Remote control of the ultrasound probe by teleoperation is the first step to implementing robotic assistance in US scanning. The operator can control the robotic arm from a distance, be assisted by applying pressure during the scan, or even just profit from the position tracking of the robotic system. Commercial systems for teleoperated ultrasound are available, such as the MGIUS-R3 (MGI Tech Co.) system [23] or the MELODY (AdEchoTech) system [24] . These systems consist of a robotic arm with a force feedback sensor that holds the probe and can be controlled by the operator through a dummy probe up to six degrees of freedom (DOF).

image3 image4

MGIUS-R3 system [23].

../_images/melody.png

Fig. 8 MELODY system [24].#

Collaborative assistance is the next step towards robot autonomy. The goal is usually to assist clinicians conduct the procedures quickly, precisely, and consistently. In their work, Jiang et al. [25] improve image quality by optimizing the orientation of the RUSS probe, aligning it to the normal of the scanned tissue’s surface at the contact point. Another example is the work from Virga et al. [26], which implements an assistive control to limit the contact pressure applied on the contact surface, to estimate and correct the induced deformation. Collaborative robots can also offer therapy guidance in tasks such as needle insertion. Assistance might provide respiratory motion compensation [27] , or assist venipuncture by reconstructing and tracking a superficial vessel as shown in Chen et al. [28] using infrared sensors and automatic image segmentation. Efforts have been made to replace external force sensors with integrated torque sensors in lightweight robots, enhance motion compensation, speed real-time imaging, and improve calibration [29] .

Autonomous systems are those capable of independent task planning, control of the robot, and real-time task optimization, responding to simultaneous possible system changes. The robot must be able to adapt to the patient’s anatomy, to the probe-tissue interaction, and to the image quality.

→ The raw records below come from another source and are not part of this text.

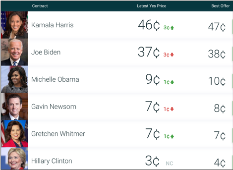 Of note, this author placed thousands of dollars on Trump in the Rust Belt last cycle on PredictIt with very juicy odds in my favor, only to lose it to the system when those states were stolen. Sites like this are prone to groupthink and lemminglike behavior, but the point is that most people find it unlikely for someone, this late in the game, to replace either Biden or Harris, who both hold the Presidency and Vice Presidency, respectively.
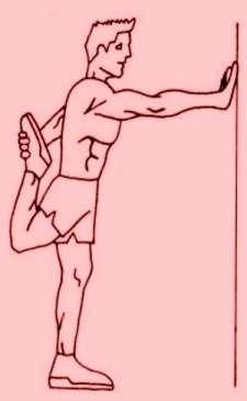 Estiramiento de la pantorrilla. Colóquese contra una pared como se muestra. Mantenga su talón izquierdo sobre el suelo para sentir la parte posterior de la pierna estirada. Mover sus caderas lentamente hacia adelante hasta que sienta un estiramiento en la pantorrilla de su pierna recta. Asegúrese de mantener el talón del pie de la pierna recta sobre el suelo y mantenga los dedos de los pies hacia adelante. Mantenga la posición durante 10 a 20 segundos. No rebote. Haga el ejercicio de 6 a 10 veces. Estire ambas piernas | Estiramiento del tendón de Aquiles y soleo. doblar ligeramente la rodilla, manteniendo el pie plano. Esto le proporciona un estiramiento mucho más bajo, que también es bueno para mantener o recuperar la flexibilidad del tobillo. Estire durante 10 segundos en cada pierna. Esta área necesita sólo una ligera sensación de estiramiento. |
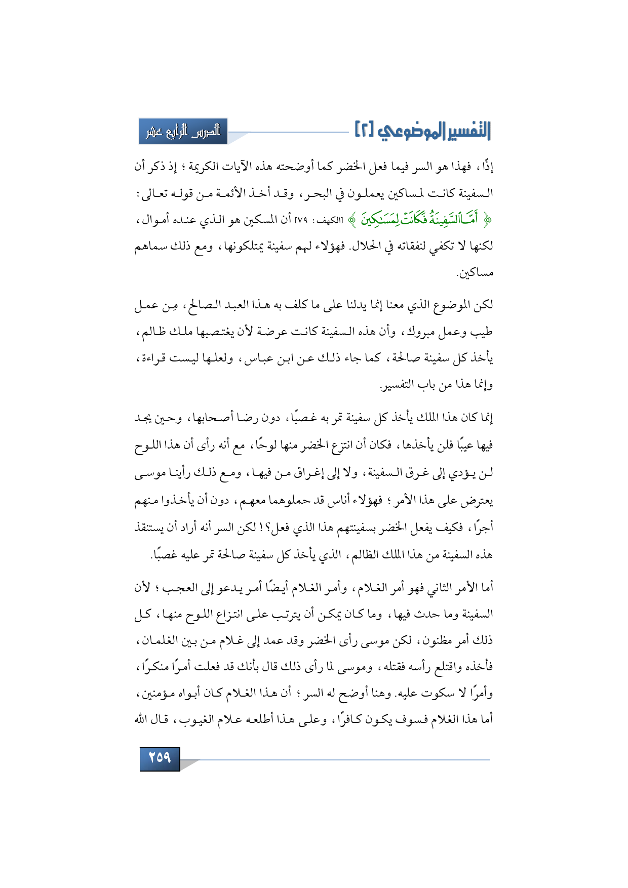 فهذا هو السر فيما فعل الخضر، كما أوضحته هذه الآيات الكريمة؛ إذ ذكر أن السفينة كانت لمساكين يعملون في البحر، وقد أخذ الأئمة من قوله تعالى: {أَمَّا السَّفِينَةُ فَكَانَتْ لِمَسَاكِينَ} (الكهف: 79) أن المسكين هو الذي عنده أموال، ولكنها لا تكفي لنفقاته في الحلال، فهؤلاء لهم سفينة يمتلكونها، ومع ذلك سماهم مساكين.
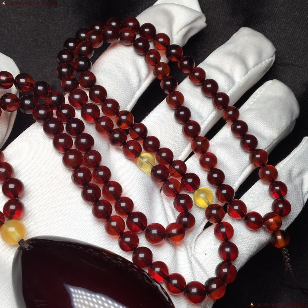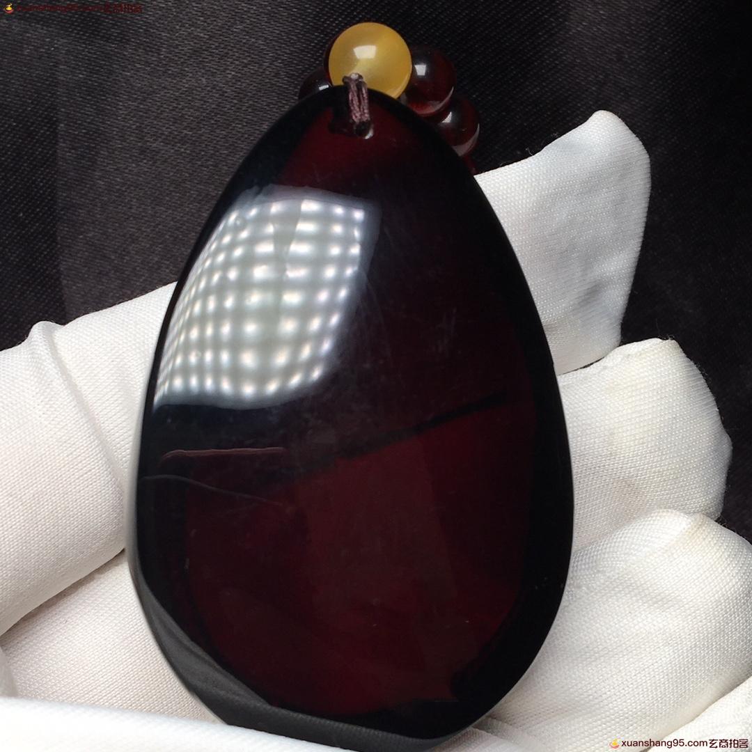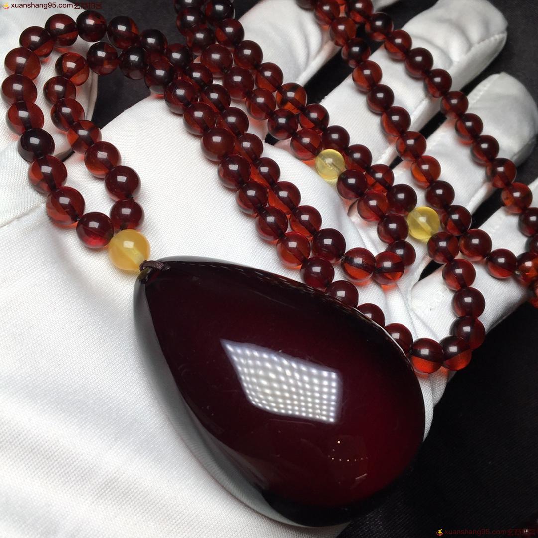 *品 血珀套装 净水酒红色 全品无杂 无裂 吊坠尺寸54*35*21毫米 总重量38克。
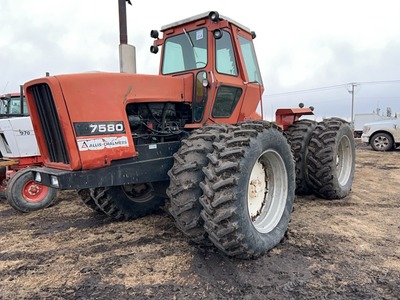 ALLIS CHALMERS 7580 4WD TRACTOR SHOWING 5615 HRS APPROX, 150 HP, 20 SPEED PARTIAL POWERSHIFT, BIG 1000 PTO, 3 HYD, 18.4X38 DUALS. OWNER SAYS WILL NEED A BOOST TO START. s/n 7580229379 LOTS 16A TO 20A ARE GROUPED TOGETHER, THIS DOES NOT MEAN YOU HAVE TO BUY ALL LOTS IN THIS GROUP, BUT THE BIDDING WILL REMAIN OPEN ON ALL THE LOTS UNTIL THERE ARE NO MORE BIDS ON ANY LOT AT THEIR CLOSING TIMECATEGORY: TRACTORS 123 |
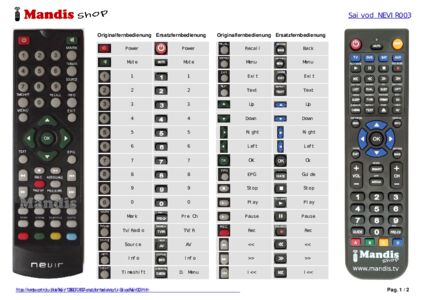 Ein Dokument ist enthalten, um die Verwendung der neuen Fernbedienung zu erleichtern, indem es die Tastenbelegung zeigt.
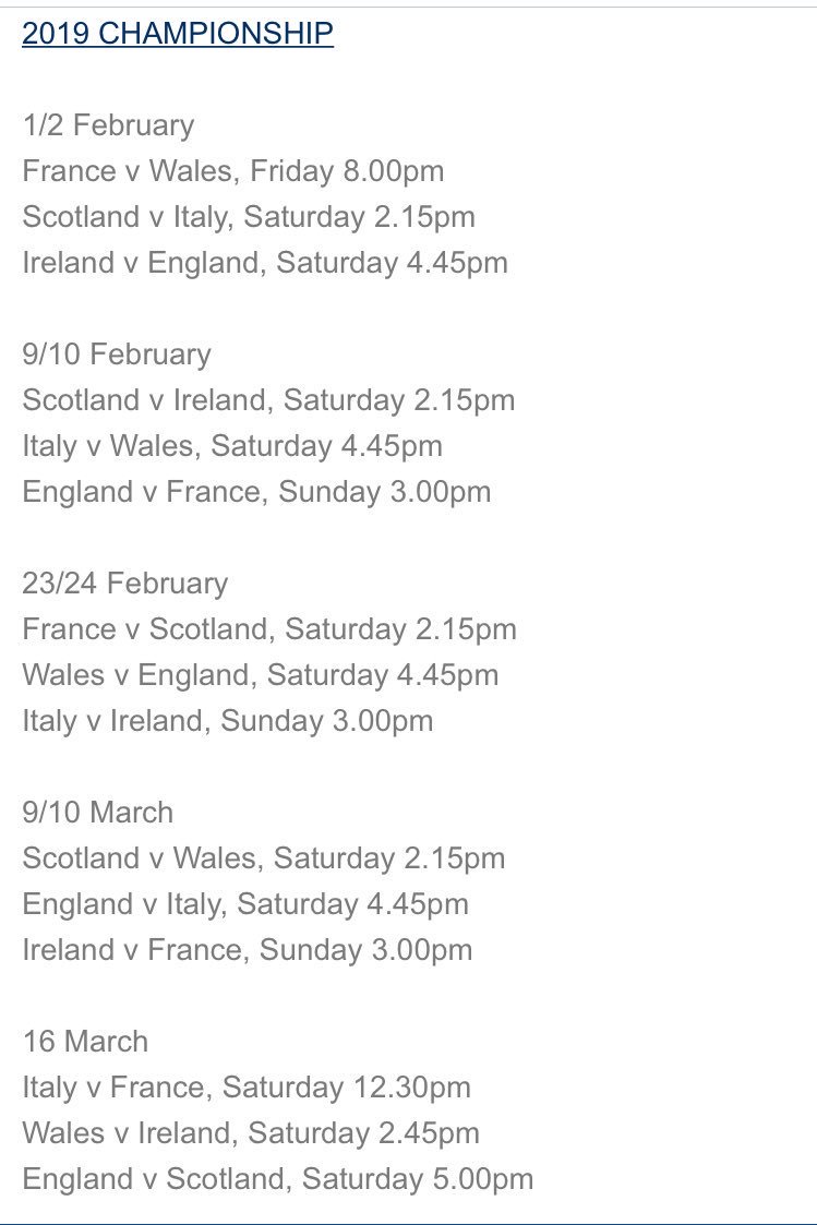 最高 50+ 6 Nations 2019 Fixtures Poster - ケンジ from lookaside.fbsbx.com The six nations is one of the oldest tournaments in rugby, having been played in one form or another for more than i love the six nations!!! Six nations 2021 fixtures and results. Find six nations 2021 fixtures, next matches and all of the current season's six nations 2021 schedule. Comprehensive fixtures & results for guinness six nations rugby featuring england, ireland, scotland, wales, france and italy. Economy set to bounce back strongly in 2021, says congressional budget office. Full uk tv schedule, times and dates. For the past few months, we have been tirelessly working with our partner live nation, the health and safety agency aceps , the medical. Click on the links below to view further details about each match.
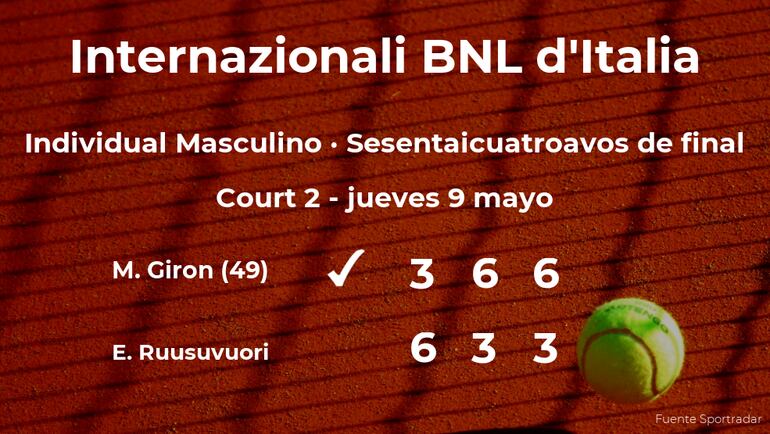 Marcos Giron, estadounidense, número 49 de la ATP, venció por 3-6, 6-3 y 6-3 al jugador finlandés Emil Ruusuvuori en los sesentaicuatroavos de final del torneo de Roma. Con este resultado, el tenista consigue clasificarse para los treintaidosavos de final del torneo de Roma.

The more autonomy the robot has, the less the operator is involved in the scanning process and can therefore concentrate on interventions or diagnostic tasks. Most of the proposed solutions offer assistance for 3D image reconstruction, trajectory planning, probe positioning, or image quality optimization [29] .

The technical key developments that enable autonomous or semi-autonomous scanning from a robotic perspective is the control of three fundamental parameters: contact force, probe orientation, and scan path planning [30]. These are adjusted by the robot control system under the constraints to ensure the patient’s safety. The information necessary for path planning coming from the currently observed images and the current position must be interpreted automatically to determine the next steps.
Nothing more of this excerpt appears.